An exact transcription is needed of the lines below from the one with "Always looking for" through the one with "close to 3pm", with no other lines and no pictures.
----- Supplied material -----
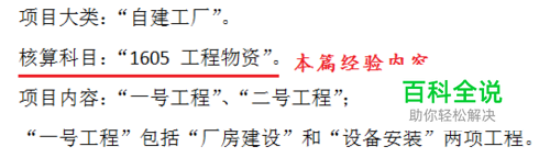 本系列第23-26篇经验讲解“项目目录”的设置,相关资料如图。本篇经验讲解将项目大类“自建工厂”指定核算科目为“工程物资”的操作步骤。
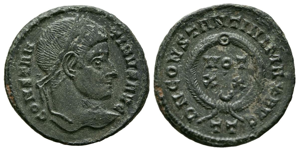 CONSTANTINO I. Follis. (Ae. 2,69g/19mm). 322-325 d.C. Ticinum. (RIC 140). Anv: Cabeza laureada de Constantino I a derecha, alrededor leyenda: CONSTANTINVS AVG. Rev: Leyenda: VOT/XX, dentro de corona de laurel, debajo: TT, alrededor leyenda: D N CONSTANTINI MAX AVG. MBC+.
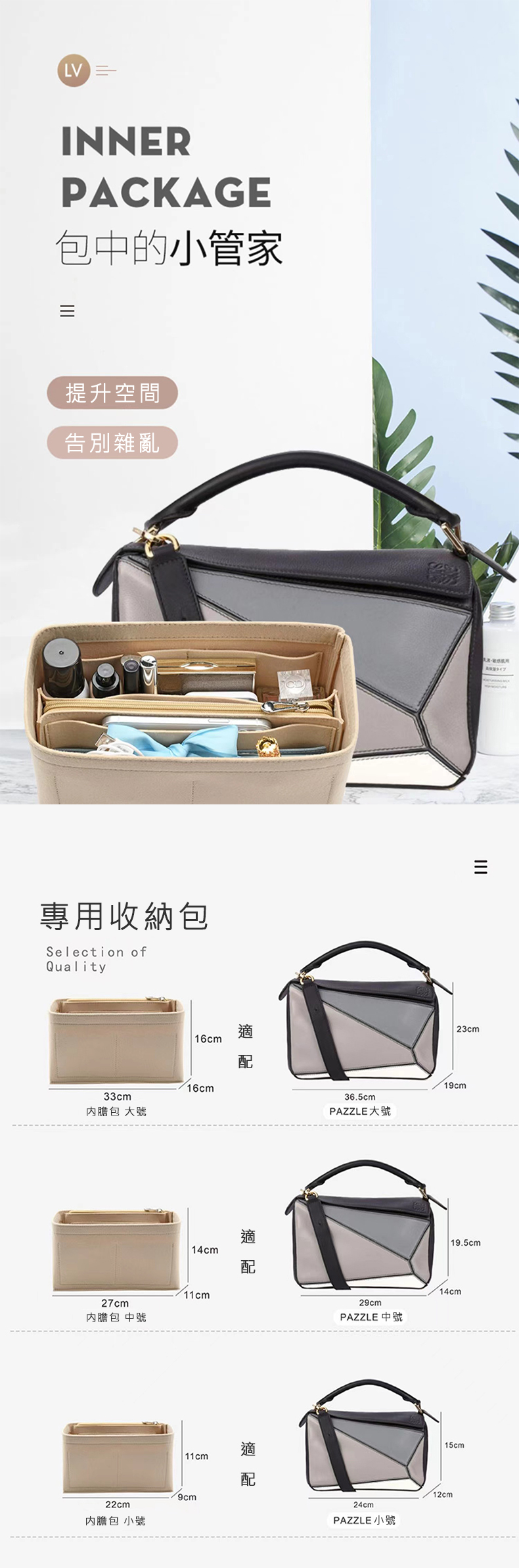 羅意威內膽包中包幾何收納包內襯袋包撐型
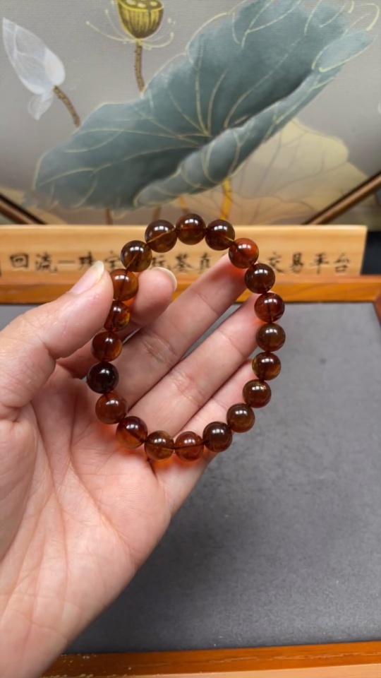 Amber and Beeswax Bracelet, Total Weight Approx. 9.77g, Size About 9.4mm
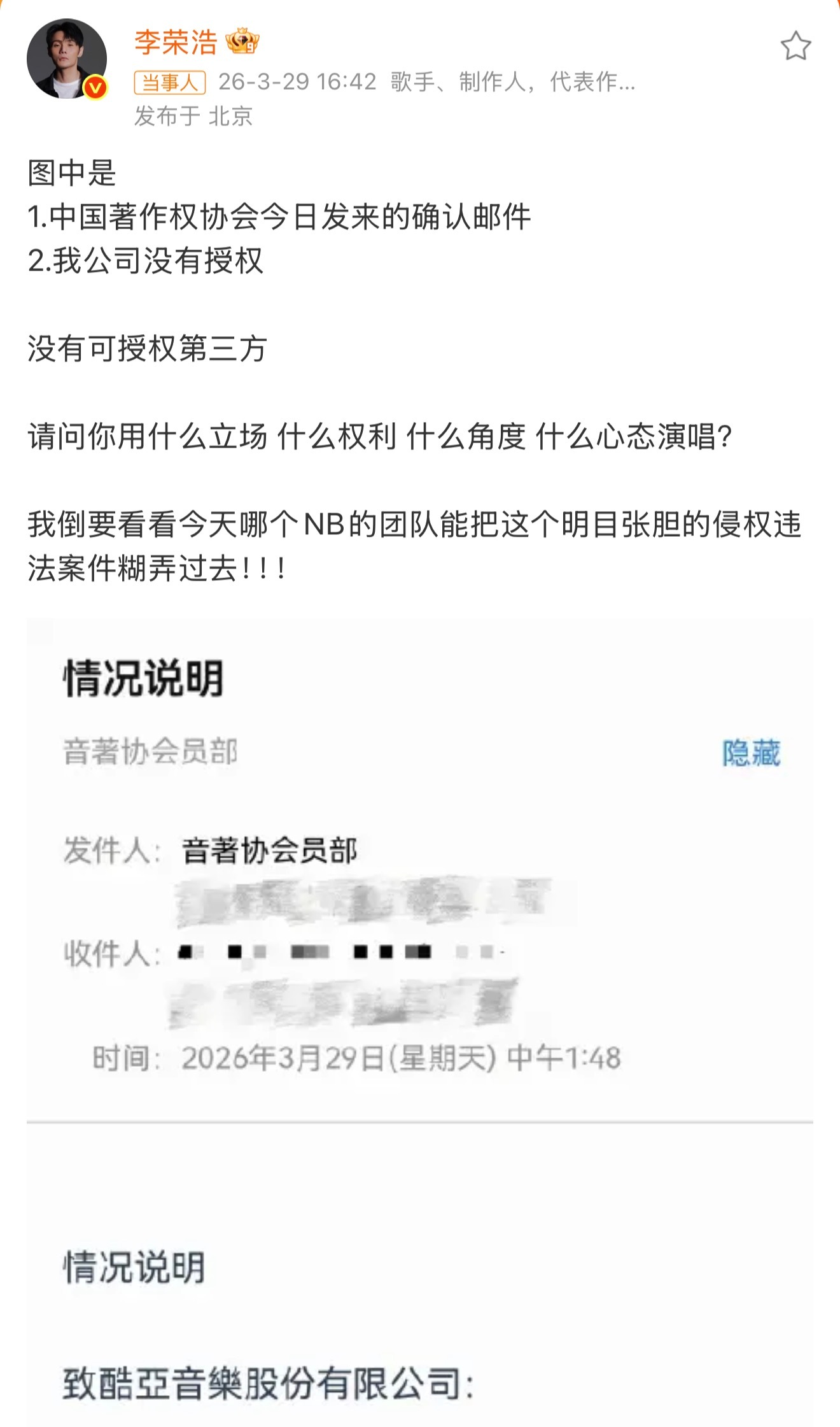 李荣浩4连质问单依纯
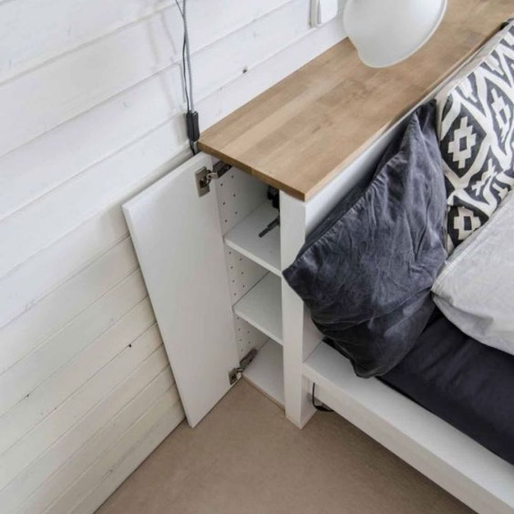 Always looking for more space? Well, why not add some storage to your headboard? This might even alleviate the need for a bed stand if you want a cleaner aesthetic in your bedroom.
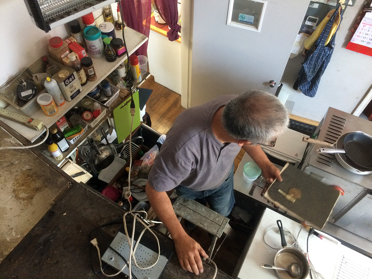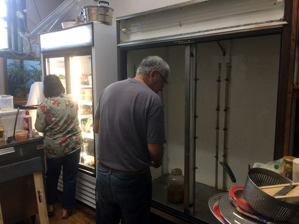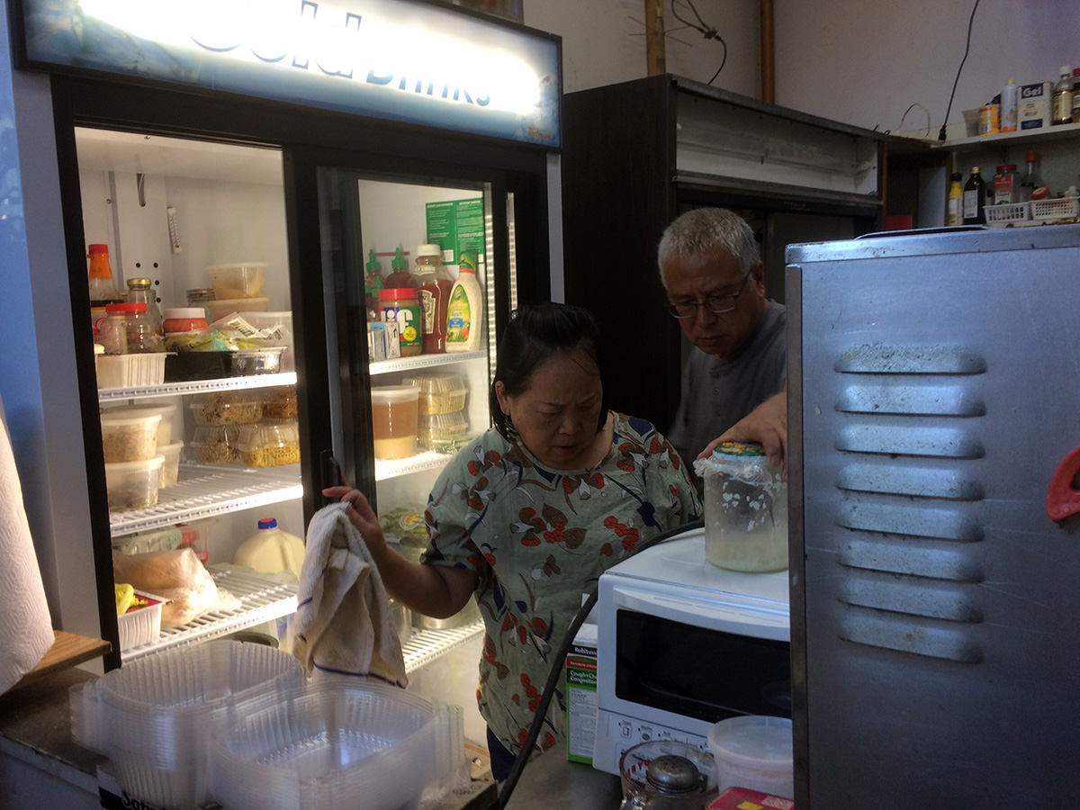close to 3pm i returned to the cafe. the refrigerator still hadn't been delivered yet, and i was starting to think maybe it'd get delayed again. i helped my father clean the top of the old fridge, taking down a heavy analog tv (you know it's old when it has faux wood paneling). by 4pm i called the restaurant supply store (after getting the number from my sister, who couldn't call them herself because she said her phone was overheating and she had to keep in the freezer). just when i was about to get the number of the supplier (who was in charge of making the delivery), a delivery guy finally showed up at the cafe.
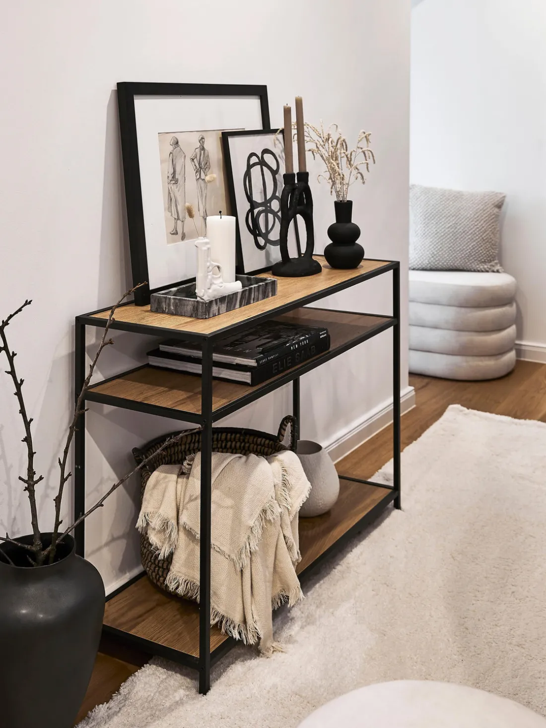 Esta consola tiene tres estantes.
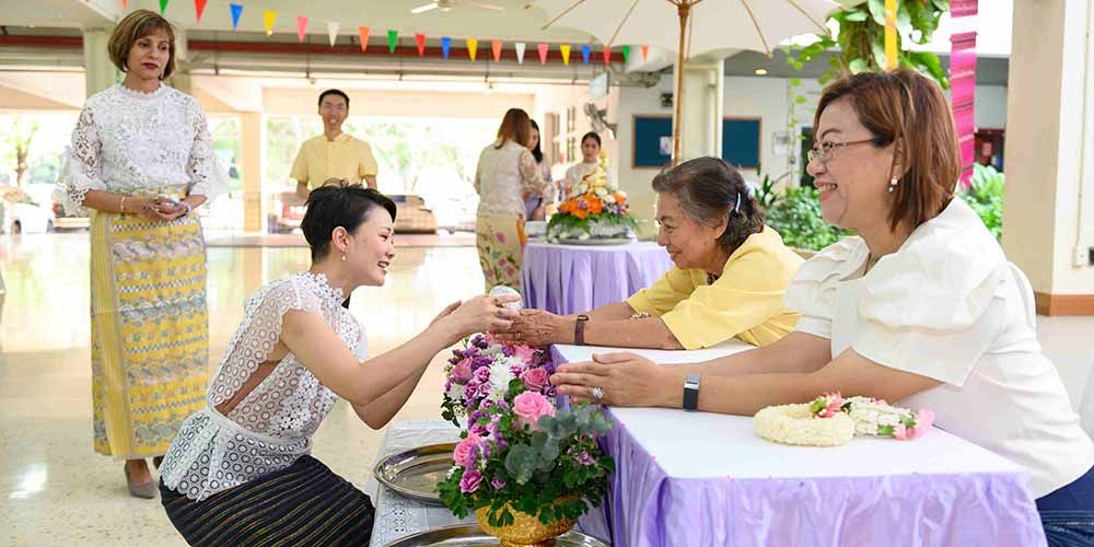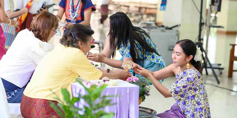 There were many Thai traditional activities such as the bathing rite of the Buddha image (“Song Nam Phra”), pouring of sacred water on the hands of Prof. Chulathida Chomchai, M.D., MUIC Dean, and Professor Emeritus Dr. Chariya Brockelman, former Dean (“Rod Nam Dam Hua”), and receiving the Thai New Year’s Eve blessing from them, and a costume contest featuring traditional clothes of Thailand’s four regions.
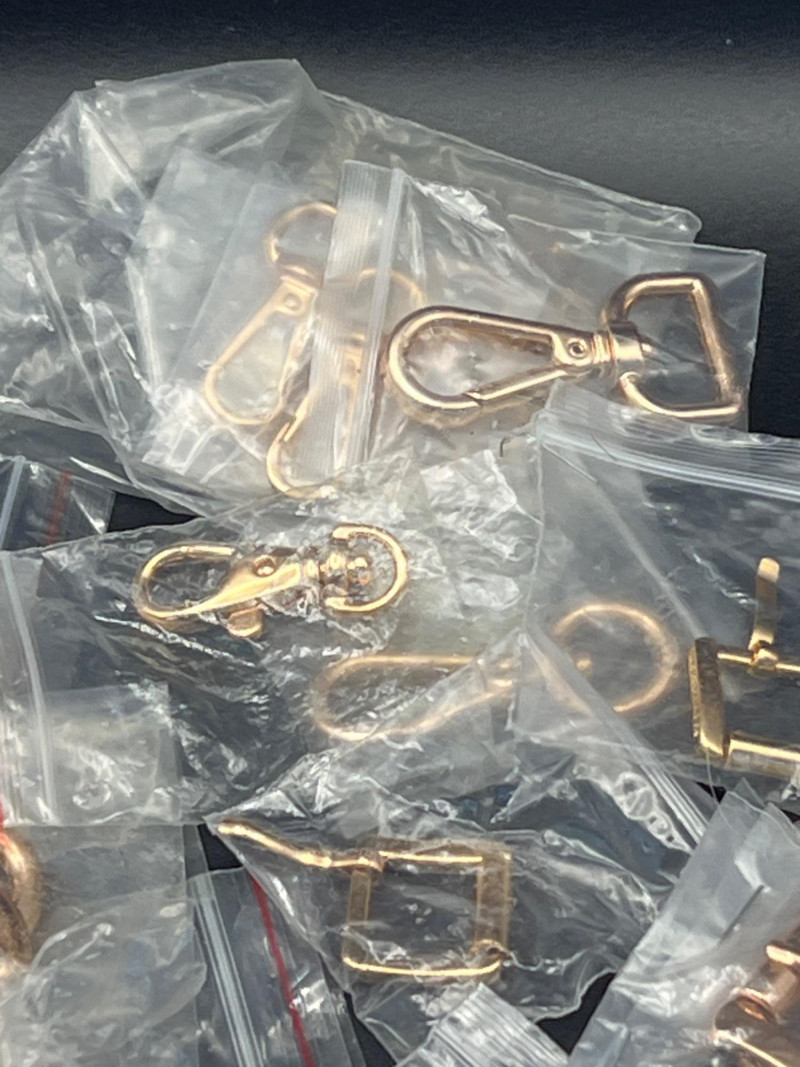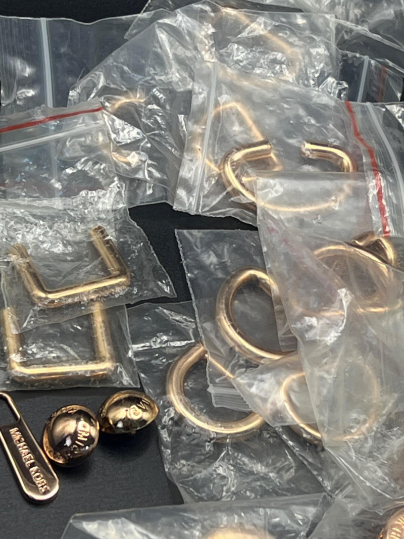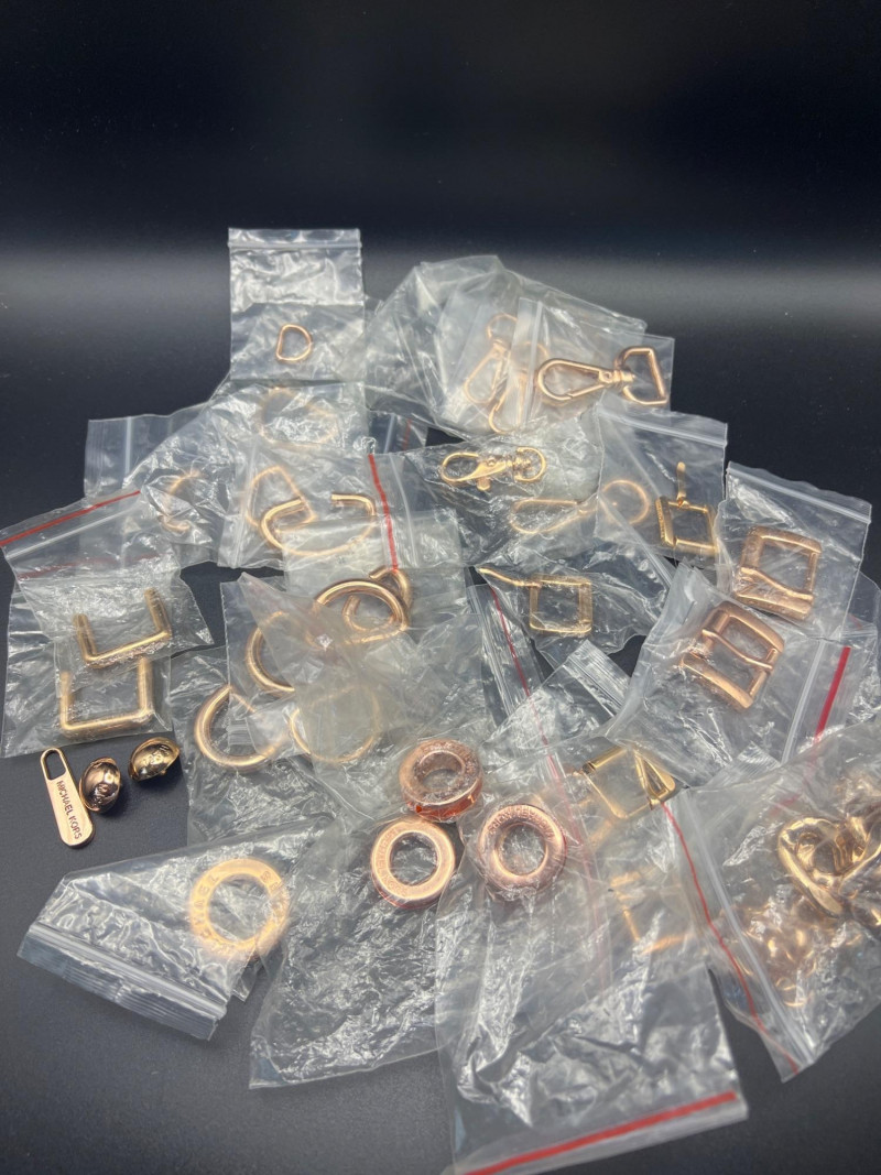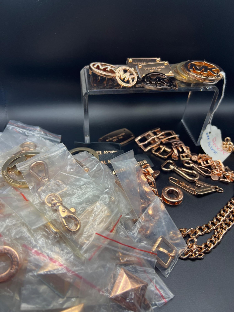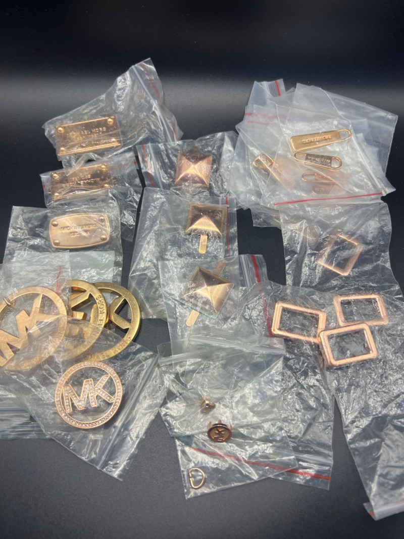 Collection of authentic Michael Kors rose‑gold–tone hardware components, ideal for handbag repair, restoration, upcycling, or designer crafting projects. Includes: MK Logo Medallions Rectangular Nameplates engraved MICHAEL KORS EST. 1981 Zipper Pulls & Tabs Buckles, Clasps & Strap Hardware Chain Links & Connectors Fabric MK Tags in black with gold lettering A versatile assortment of branded components in a polished rose‑gold finish — perfect for replacing missing parts, customizing bags, or adding designer detail to creative projects.
-----
◆ Completed exercise
 Always looking for more space? Well, why not add some storage to your headboard? This might even alleviate the need for a bed stand if you want a cleaner aesthetic in your bedroom.
close to 3pm i returned to the cafe. the refrigerator still hadn't been delivered yet, and i was starting to think maybe it'd get delayed again. i helped my father clean the top of the old fridge, taking down a heavy analog tv (you know it's old when it has faux wood paneling). by 4pm i called the restaurant supply store (after getting the number from my sister, who couldn't call them herself because she said her phone was overheating and she had to keep in the freezer). just when i was about to get the number of the supplier (who was in charge of making the delivery), a delivery guy finally showed up at the cafe.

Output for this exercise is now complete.